Previous work with GP and femtocells [14] automatically derived a distributed algorithm to dynamically optimise the coverage of a femtocell group using standard tree based GP. The resulting evolved algorithm clearly showed the ability to optimise the coverage and was able to offer increased overall network capacity compared to a fixed coverage femtocell deployment. The functions and terminal set for GP consisted of conditions with predicates checking if the load, overlap and probability of users entering a gap were over a predefined threshold, as well as combining the branches of the nodes. The terminals increased pilot power, decreased pilot power or did nothing. With GE [13] the controllers for femtocells pilot power were evolved using a symbolic regression (SR) grammar. The best evolved solutions were superior for two of the objectives compared to a fixed pilot power. Here, we further investigate and compare the GE approach to different grammars, multiple scenarios and different fitness functions. Moreover, we reduce the solution space for the conditional representation of femtocell solutions.

Work by Lewis et al. [21] with a grammar and GP enhanced IEEE802.11 distributed coordinate function. They designed active MAC layer algorithms by evolving algorithms instead of optimising values and tuning parameters, thus a wider behaviour space was searched. They used a grammar to embed domain knowledge in the algorithms they evolved. The variation of contention window sizes was explored and the results outperformed standard 802.11 behaviour on a variable sized network under standard load. Moreover, the throughput performance was comparable to the best aspects of the protocol. Hu and Goodman [17] used GP for wireless access point configuration, the results improved when they post-processed their solutions to find the minimum spanning tree. In addition, Yasuda and Sato [35] used linear GP and a pruning operator on their solutions for wireless LAN access point configuration to gain improved performance and run time speed-up.

Different grammar configurations in GE have been investigated for various other applications. O’Neill and Ryan [28] first used GE to automatically evolve caching algorithms, finding a simple caching algorithm. Murphy et al. [26] explored GE for horse gait optimisation and found that the grammars used for evolving horse gaits required domain knowledge to generate realistic animal motion. Perez et al. [30] evolved behaviour trees for Mario AI using GE. The use of a grammar simplifies the task of encoding the syntax of behaviour trees and specific tree structures can be represented. They also limited the grammar syntax in order to reduce the solution space (language). We extend the use of GE to more application areas.

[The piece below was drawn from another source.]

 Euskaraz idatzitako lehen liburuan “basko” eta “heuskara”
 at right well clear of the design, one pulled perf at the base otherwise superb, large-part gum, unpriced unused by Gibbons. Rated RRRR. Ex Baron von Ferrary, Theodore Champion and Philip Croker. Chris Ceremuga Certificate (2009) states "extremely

In a paper by Korns [20], techniques for improving symbolic regression systems in cases where the target expression contains conditionals were examined and accuracy was increased for such conditional problems. A regression system combining standard GP with abstract expression grammars, particle swarm optimisation, differential evolution, context aware crossover and age-layered populations was tested on nine base test cases. We extend the study of conditional grammars and symbolic regression for evolving femtocell controllers, where the conditions represent input states.

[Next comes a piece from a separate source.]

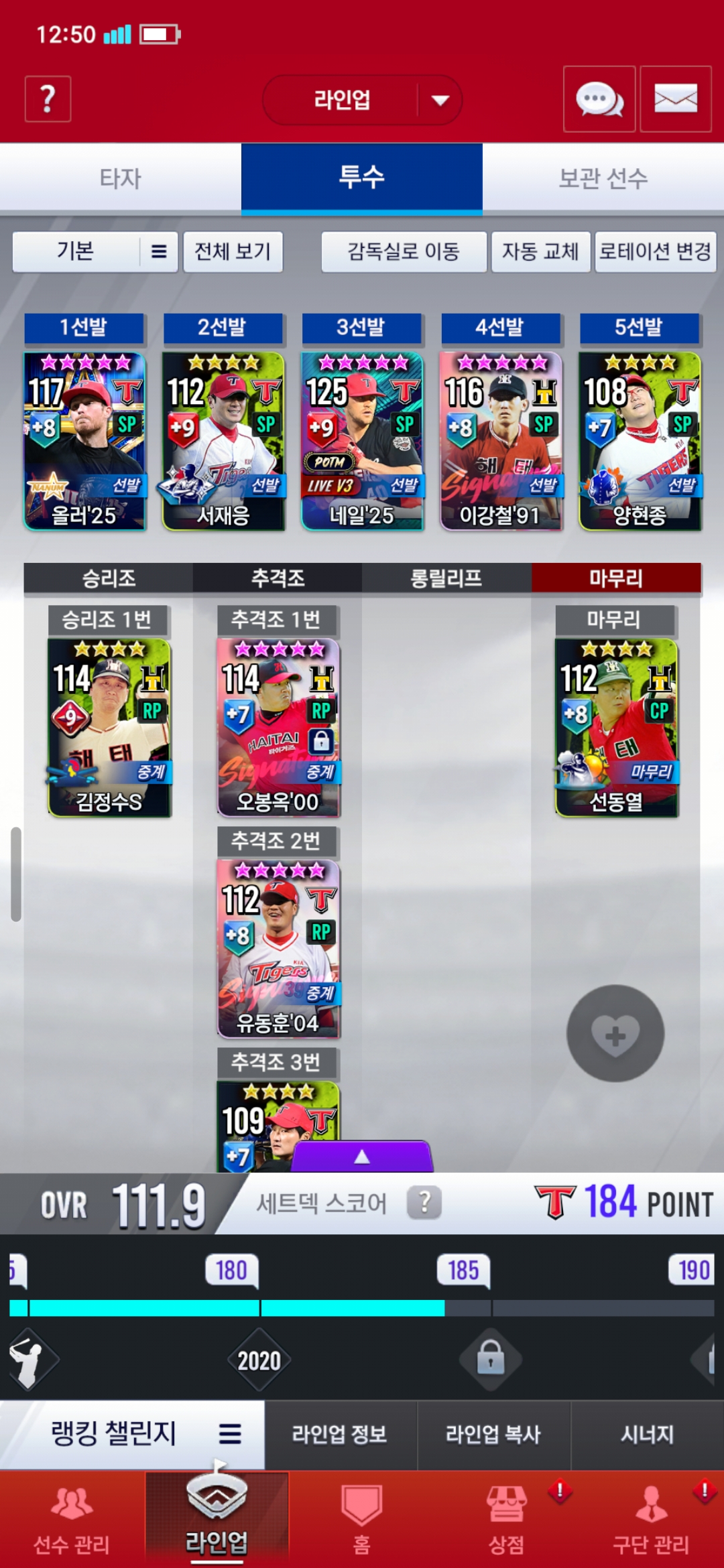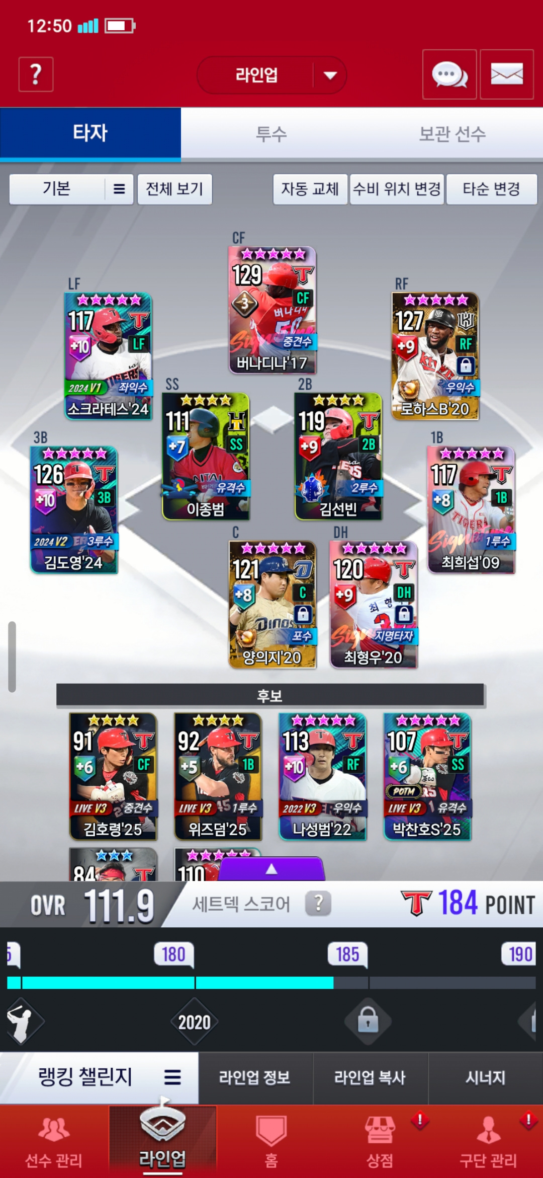 1. 18전준우 + 24로하스 뽑아서 20로하스 1각

This section concludes that GP methods, e.g. GE, are viable for telecommunication network optimizations. It also reveals gaps in the generation of coverage algorithms for femtocells. Next, we will further analyse the previous approaches to the femtocell problem.

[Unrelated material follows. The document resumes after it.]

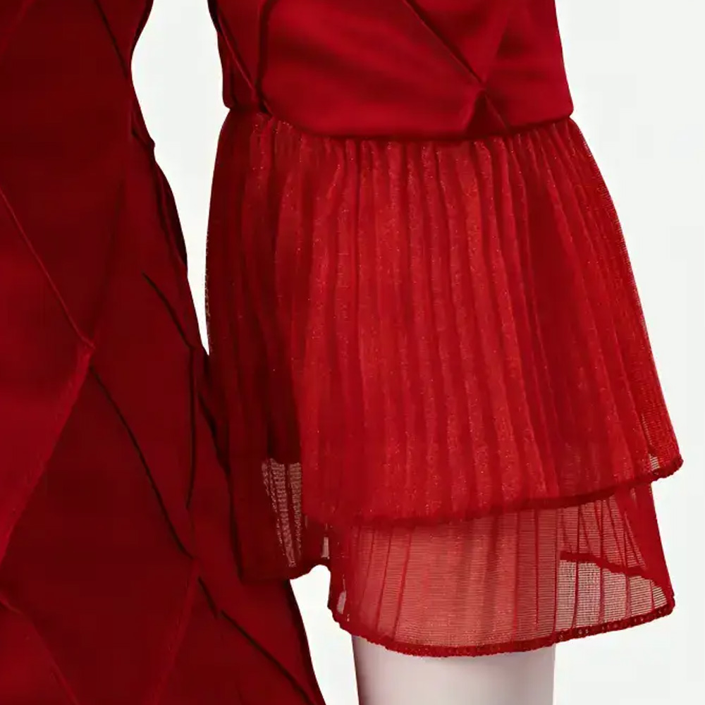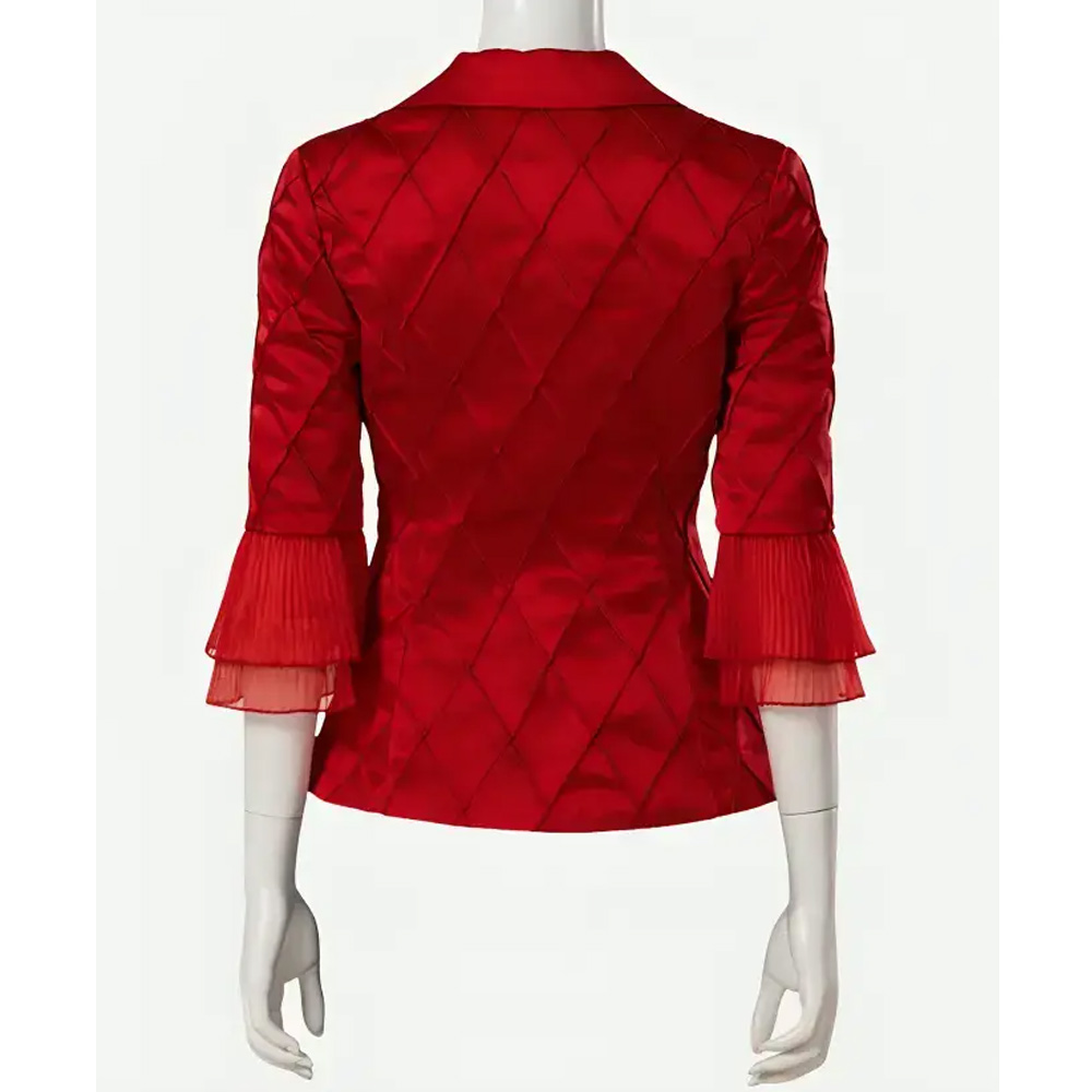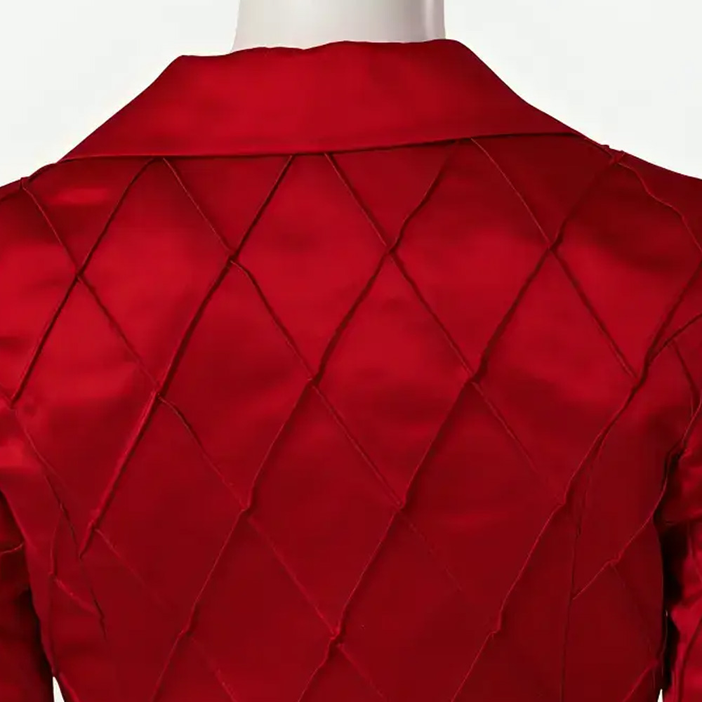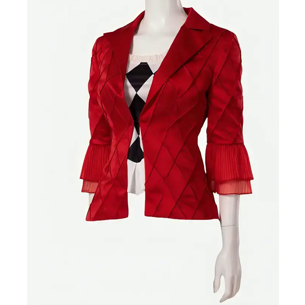 On the inside, there is a viscose lining that gives it a perfect touch on the skin and you will enjoy the looks and feel of it. The collar of the Joker 2 Harley Quinn red blazer follows a lapel style, which is a very traditional style to incorporate and the hook closure in the front makes the design very neat and stylish. There are long sleeves that have a frilled finish and the design gives it that playful feel which complements the dramatic feel.

2.3 Initial analysis of the femtocell problem

We study the results from work by Ho et al. [14] and previous runs in order to understand and improve the setup of our own experiments. First, we simplify the solutions and this allows us to reduce the solution space, an approach that has proved to be successful in other EC applications. For example, in order to distill free form equation from experimental data with GP, Schmidt and Lipson [33] limit the representation of the equations with an acyclic graph of 128 nodes. Forrest et al. [11] also reduce the solution space when using GP for software repair, in order to get a feasible solution space.

2.3.1 Solution simplification

One way of improving the search is to create shorter solutions, e.g. by pruning the solutions and removing redundant code. However, the solution space is still the same size and there is the additional step of simplifying solutions. We studied some GP solutions from some initial runs where we used the functions and terminals presented in Table 1 and the fitness functions from Sect. 3.3 averaged over the low, medium and high load scenarios from Sect. 3.1, with the same GP setup as in Ho et al. [14]. From these results it is possible to see that the average fitness improves rapidly in the first four generations and then the fitness converges. Besides, the solutions are very bloated, they increase in size without improving fitness.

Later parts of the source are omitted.